In the above example, we may progress this by moving the pause further up the range of motion:

Deadlift w/ 1s pause above-the-knee

4x4; Across; Rest 2 min

*Reset each rep

6. Variations In Main Exercise

Westside Barbell has become famous for constantly varying the exercise they use on their max effort days. By switching bars and ranges of motion, they avoid overtraining specific movement patterns and force learning and adaptation to slightly different patterns.

Now, this variation can go too far and can prevent developing proper skill in certain movements (which is why you don’t see weightlifters changing the type of bar that they snatch on every week).

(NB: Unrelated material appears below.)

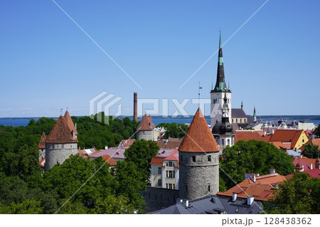 タリン 城壁からムンカデタグネ塔と聖オレフ塔の眺め

But – just like almost everything discussed in this article – there is a pendulum that can swing too far in both directions.

Some variations reduce the total amount of load possible to be lifted in a specific pattern. If we take the deadlift, we can change the grip to significantly decrease the amount of load an athlete is pulling:

Double Overhand Deadlift, no hook grip – 2” riser

Build to a tough 5 for today in 10 min

*Reset each rep

**Should be less than a tough set of 5 for a conventional deadlift

Similarly, we can also dramatically increase the load an athlete can lift in a deadlift by shortening the range of motion:

Rack pulls from above-the-knee

Build to a tough 5 for today in 10 min

*Reset each rep

**Should be more than a tough set of 5 for a conventional deadlift

These variations of the main lifts can be used as accessory work, or can be rotated in as focus lifts for either a training session or a cycle.